My average time from bill to payment is about 10 weeks (worked out based on knowing my current aged debt as a percentage of my rolling average for the last 12months work). Since I began practice I have written off about 30k. Just doesn’t happen in my practice but I am very hands on with my clerks, I regularly check and hassle for payment. It may well happen to others.
The above figures also include government work, I am on the panel (£100 an hour for B Panel and a giddy £120 when you make the A Panel). The opportunity cost of Panel work is high, my hourly rate now is £440, but its fun work (mostly). So the above figures would be higher save for last year, when I couldn’t take much on.
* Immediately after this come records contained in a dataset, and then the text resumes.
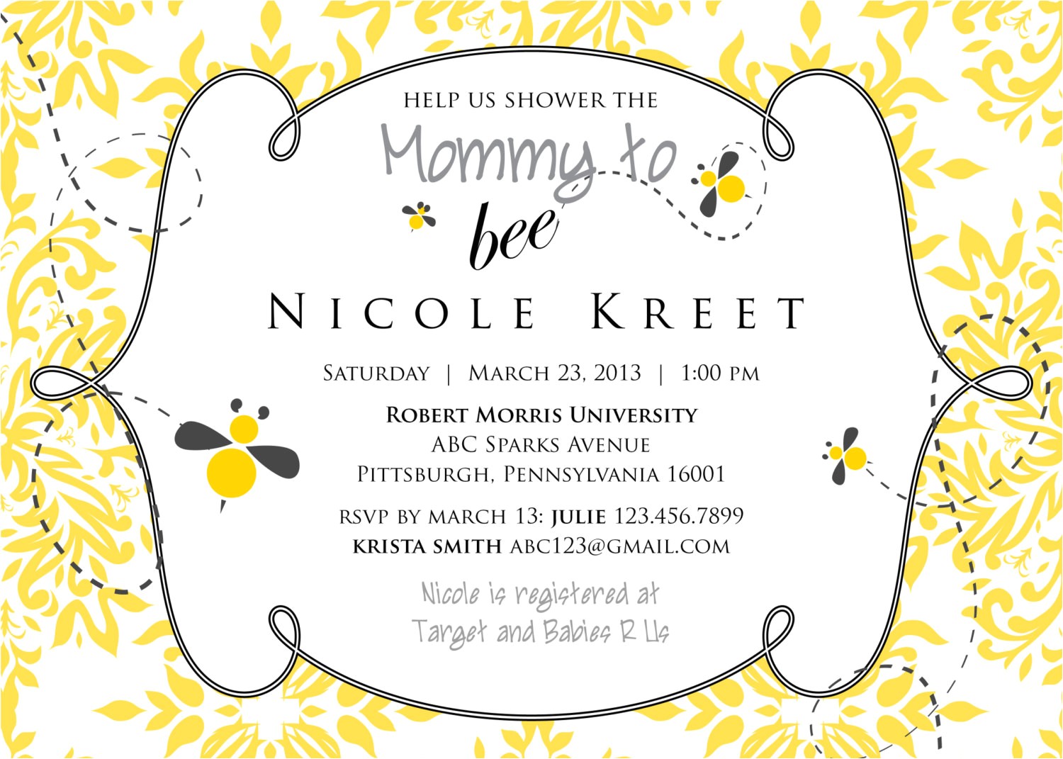 bee themed baby shower invites sample: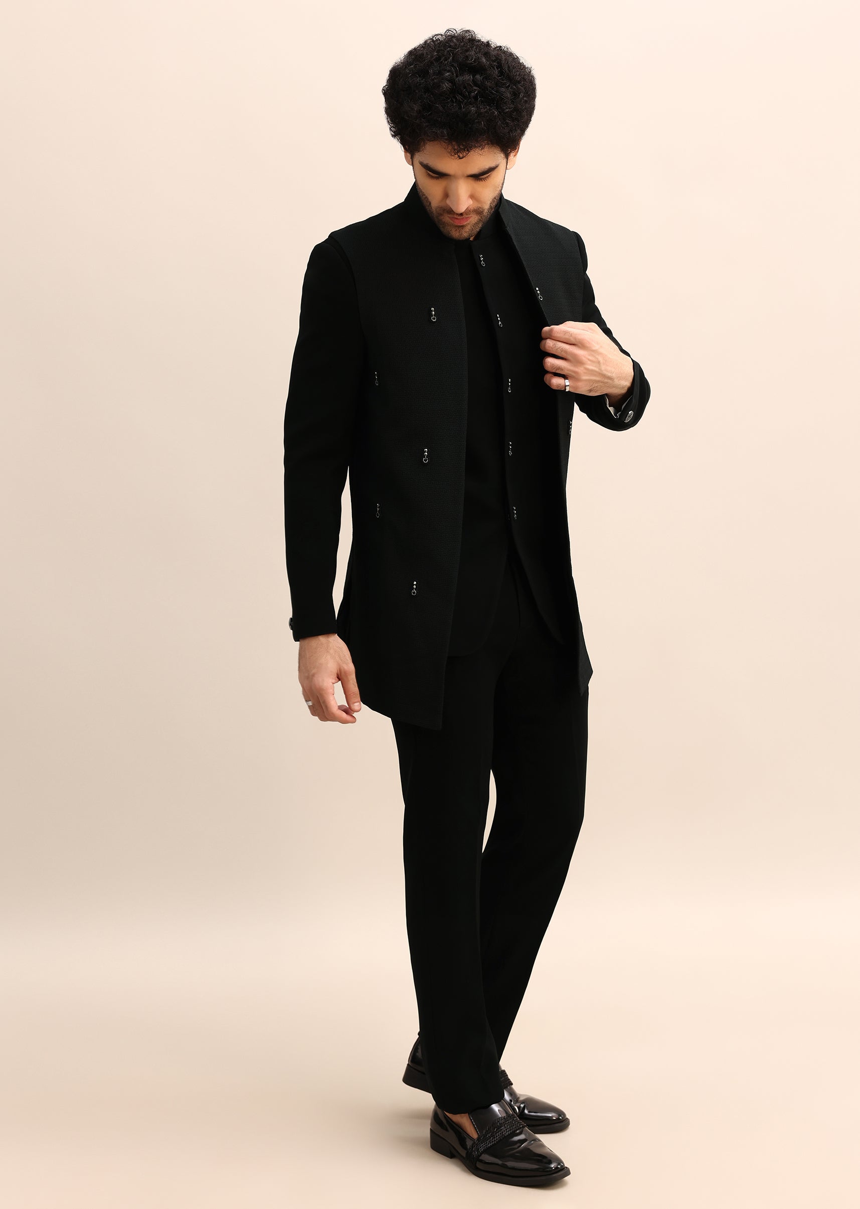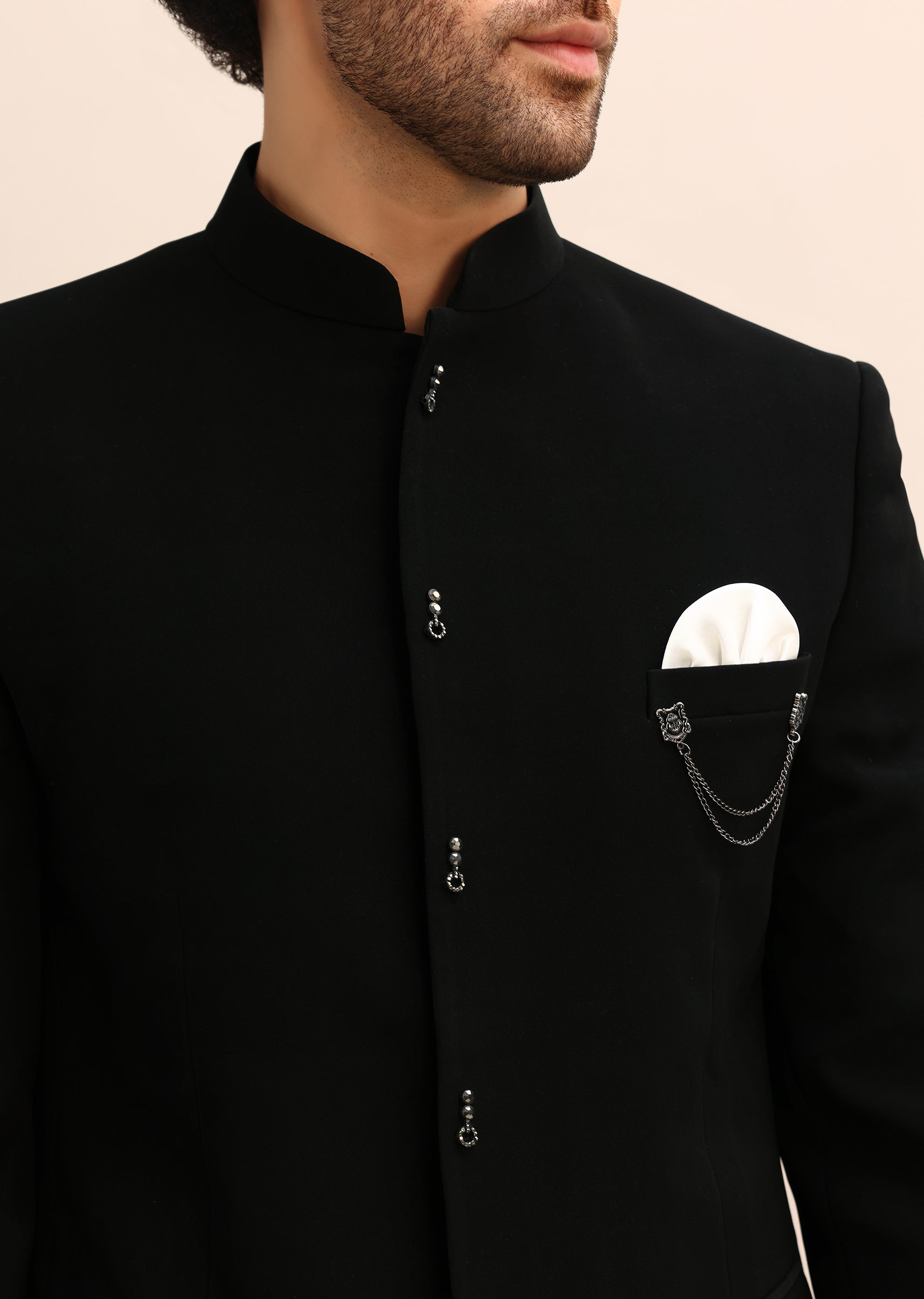 Grab the viewers attention in the black velvet Jodhpuri suit. Luxurious fabric drapes elegantly while the trouser cut offers a modern twist. This timeless ensemble transitions flawlessly from the wedding ceremony to the reception revelry. This luxurious 3 piece ensemble includes a meticulously tailored Jodhpuri a statement bandi and perfectly fitting trousers.Button design shape and size may vary as per availability. Awarded as the Most Trusted Brand, we're delivering styles you love, just as promised.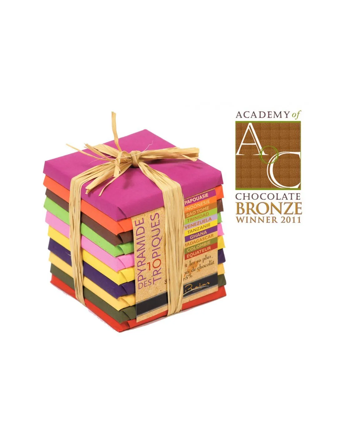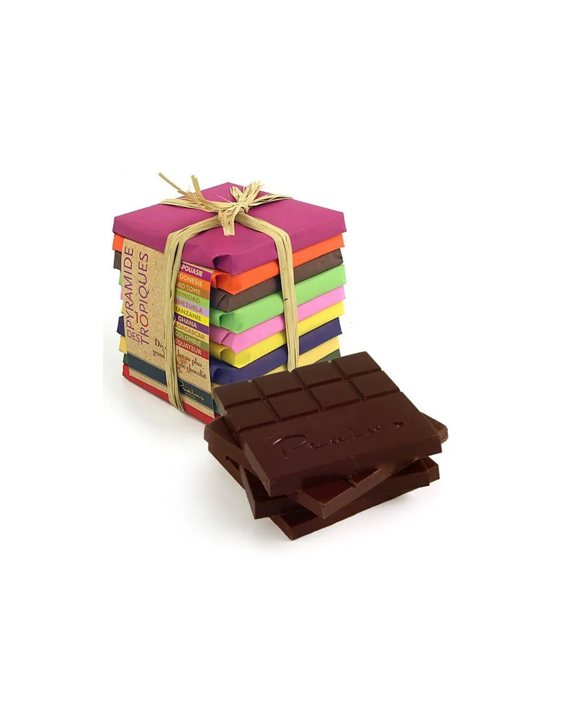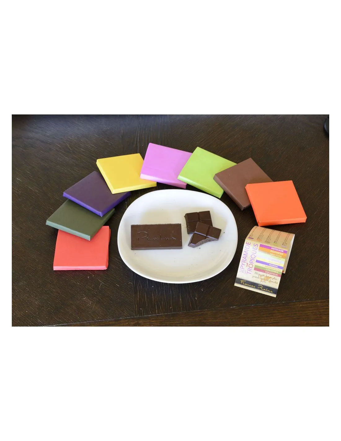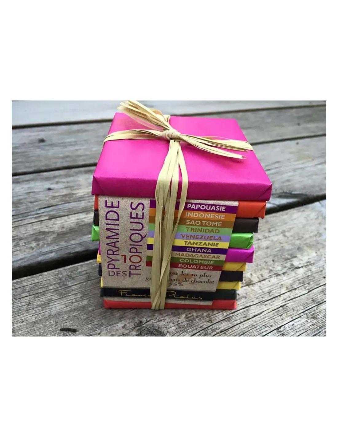 Krenite na čokoladno putovanje oko svijeta . Set za degustaciju sadrži 10 vrsta čokolada single-origin 75% Francois Pralus. U ovom setu za kušanje uživat ćete u razlikama između pojedinih vrsta zrna kakaovca (Criollo, Trinitario i Forastero) i usporediti okuse čokolada iz različitih regija svijeta.

All that barristers (in my experience) care about when it comes to assessing the stability of your practice is (1) what work you have done, (2) whether you have long term bad debt, (3) time to payment on average. Crucially when looking at barristers applying to my set we also care about repeat work – are the same solicitors coming back or are you a one and done type (some of which do very well). The payments that are fast/slow average each other out – at around 10 weeks in my case. Work billed is the best indicator of how busy you are.
My 2021 figures were very high due to two huge trials (one expedited – god bless squeezing everything into 5 months). I worked very hard for that, but still had around 7/8 weeks off over the course of the year.
Some cases I get paid before I even do the hearing (I love regional firms – much better at getting money on account). However, time spent working is not the real way to make money as a barrister. It is opinion work or court hearings. Just look at what Pannick allegedly was paid for that opinion that was published recently.
My opinion work is priced way higher than the hours worked. But that is normal, that is why you go to counsel and my fees still pale into insignificance against the solicitors who instruct me (mostly large city firms). Likewise trial work, there is more paid than the hours worked. Then again I have been increasingly aggressive with my own fees much to the chagrin of some colleagues who are always charging and quoting less than myself, but yet I end up with a near full slate of work.
So the reality is that some, and I emphasise some, are earning these figures. For any prospective applicants you need to appreciate that these figures are for an individual, not a set. You know roughly (minus bonus) what you will earn at most city firms at a given level. I earn nearly twice what the person in my set with the same call as me earns. He, however, is quite happy with doing less work.
Future commercial pupil
This is really interesting as a future commercial pupil, thank you. Similarly I am not joining a so called “magic circle” set – far from it.
Mind if I ask what kind of hours were you working in those years and at what hourly rates?
I want to work hard / learn / develop contacts in the early years at the Bar, but equally I don’t want to burn myself out by saying yes to everything and working 7 days a week.